Restriction and the Brain in Anorexia Nervosa

The frontal cortex provided some intriguing clues in a recent study.

Reprinted from Eating Disorders Review
January/February Volume 27, Number 1
©2016 iaedp

It remains puzzling why restrictive eating is so robust among patients with anorexia nervosa (AN), and a better understanding of why this happens may be critical to developing more effective treatment. In a recent study (Nature Neuroscience. 2015. 18: 1571), two groups, individuals with AN and healthy controls, completed a food-choice task in which they reported their preferences among a variety of different higher- and lower-fat and higher- and lower-calorie foods, They also rated the foods for desirability and healthfulness. Using functional magnetic resonance imaging (fMRI), brain activation patterns during food choices were studied. The next day, participants ate an actual test meal at a buffet lunch.

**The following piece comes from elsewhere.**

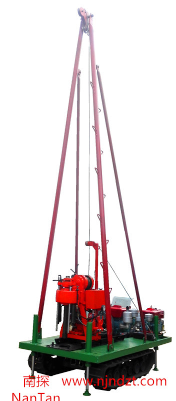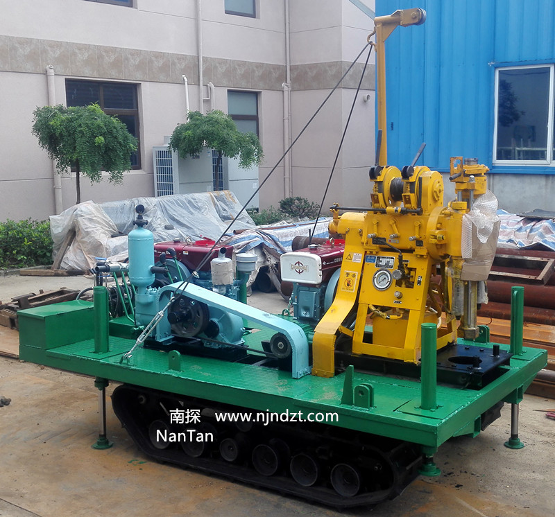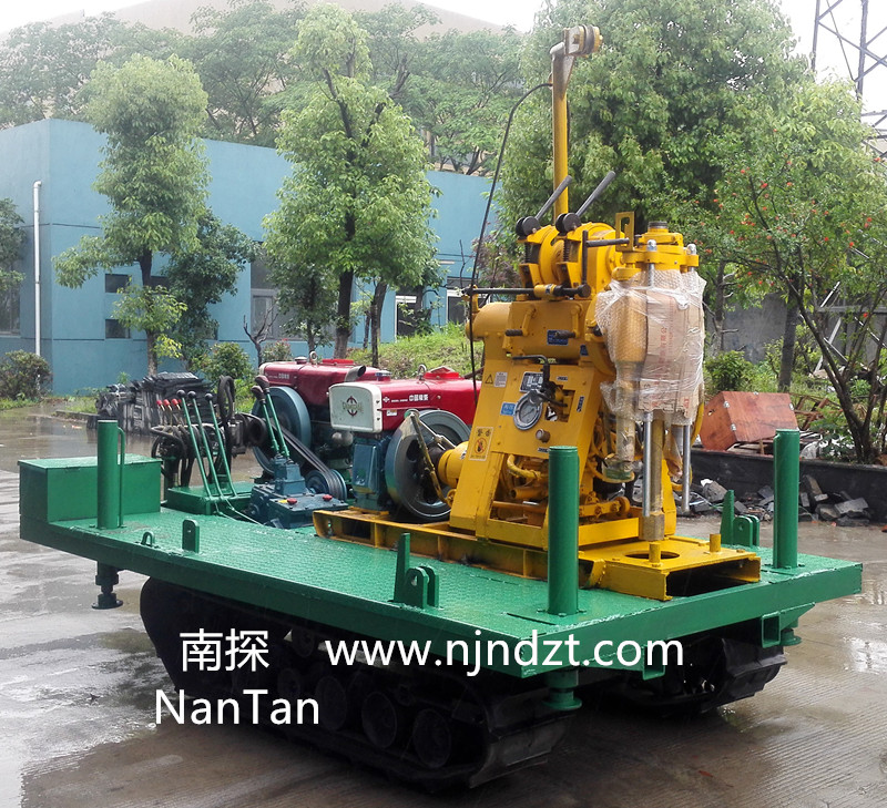 該履帶底盤承載重量達(dá)4T,可以裝載各種小型鉆機(jī),如:XY-1-1、XY-1、XY-1A、XY-1A(YJ)、XY-1A-4、XY-1A-5、XY-1B、XY-1B-1、XY-1B-2、XY-200、XY-200(YJ)、XY-200B、XY-200B-1、XY-200B-2、GXY-1系列、GXY-2Q、GXY-200B、GYQ-200、GYQ-200A、GK180、GXY-2K、GXY-2C等100-300米鉆機(jī),并可同時(shí)裝載BW160、BW160A、BW200或BW200A型泥漿泵,具有利用鉆機(jī)卷?yè)P(yáng)機(jī)起落鉆塔、行走方便等特點(diǎn),廣泛適用于公路、鐵路、水電、橋梁、壩基等的工程地質(zhì)勘察、地質(zhì)巖芯鉆探、物理勘察、小型灌漿孔、爆破孔、水井孔和空調(diào)孔的鉆進(jìn)。

AN patients preferred low-fat foods

Not surprisingly, people with AN were less likely to choose high-fat meals. Interestingly, the frequency of choosing high-fat meals was related to intake during the buffet lunch. Greater amounts of high-fat foods were chosen when lunch intake was greater. fMRI scans showed that the dorsal striatum was activated when foods were being chosen, as was a portion of the frontal cortex (the ventromedial prefrontal cortex, or VMPFC). The dorsal striatum activation was greater in people with AN, but there were no differences in VMPFC activation between AN patients and controls. A measure of the strength of connection between those two regions showed that there was greater connectivity in people with AN when they were choosing low-fat foods as opposed to high-fat foods. Furthermore, longer differences in connectivity between low- and high-fat choices predicted lower amounts of food intake during the test meal.

These results may help bring better understanding of the neural basis of changes in mechanisms that may explain restrictive eating in AN.